Television (Full Length Episode) – 1983

We made the programme in the early 80s, when New Zealand was just beginning to realise that although it prided itself on being a country where everyone had a chance to get ahead, there was only one way of doing that — the Pākehā way.
– Ian Johnstone on Speakeasy, in his 1998 book Stand and Deliver
People writing stories about going and seeing big buildings [for the first time] — it really happened to me.
– Pita Sharples on arriving in Auckland to go to university
After Te Aute College I went to Whakatū Freezing Works, which I call the higher school of learning!
– Sir Howard Morrison on his education
I got called things, like I was a nigger lover and I got told things like when I was finished going out with Eric, that no Pākehā would probably want me.
– Rosa Tamepo, on how some of the Hanmer Springs community treated her relationship with a Māori
She could laugh about it now, but neither her family nor her husband’s had laughed then. She too had been frightened, but now she was delighted to feel she belonged among Pākehā and among Māori.
– Ian Johnstone on Rosa Tamepo, in his 1988 book Stand and Deliver
Probably we should remind ourselves of some of the anxieties that we know exist out there, some of the prejudices that we know are out there in society, but whilst you can sit in the comfortable environment of your own cocoon, and it doesn't touch you, well then you feel safe.
– Sir Howard Morrison on how the Springbok Tour revealed racial tensions in Aotearoa
I was very very frightened, very scared...it took me three days before I would go to Queen Street, which turns out was only one block away, one big block. I tried several times, and thought I'm getting lost, and came back. I was very lonely.
– Pita Sharples on adjusting to life in Auckland as a student
I wanted Howard and Pita to talk about being Māori, and having to break into the Pākehā world. For Rosa it had been the other way around.
– Ian Johnstone, on this episode, in his 1998 book Stand and Deliver
At least I got a decent feed at university. I didn’t dare look up at anyone in the cafeteria, I just kept my head down and held my tray up, then I heard someone say ‘kia ora’ and looked up and smiled. The woman serving the food was Māori, and she slammed a double helping of spuds on my plate.
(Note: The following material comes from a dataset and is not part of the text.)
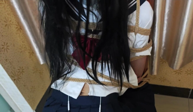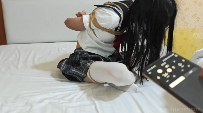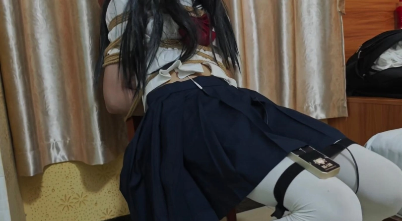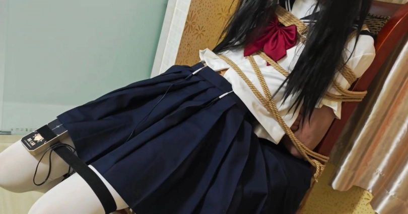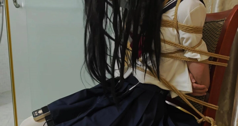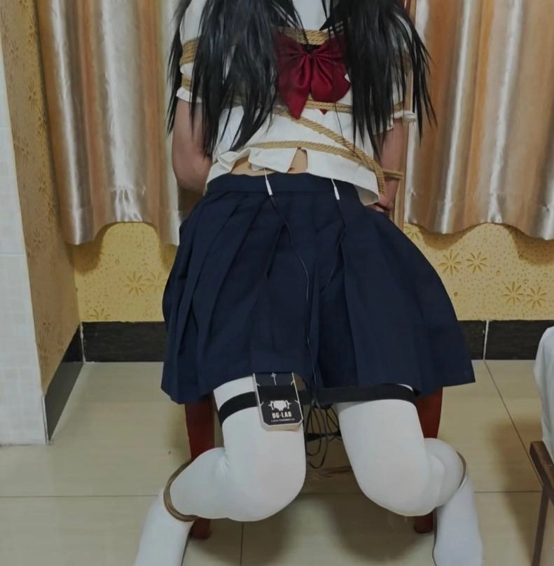 把小m捆绑在椅子贴上郊狼带上口球蒙眼。没有对话。只有呜呜呜!
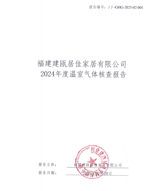 福建建甌居佳家居有限公司發(fā)布《產(chǎn)品碳足跡核查報告》和《2024年度溫室氣體核查報告》

– Pita Sharples, quoted in Ian Johnstone's 1998 book Stand and Deliver
We have not got it right yet, but New Zealand has realised that if the only way to success is through systems set up and controlled by one population group, other groups chances are diminished. Now difference is acknowledged, even celebrated, and the shift towards real bicultural equality is on. Maybe that edition of Speakeasy gave it a bit of a nudge.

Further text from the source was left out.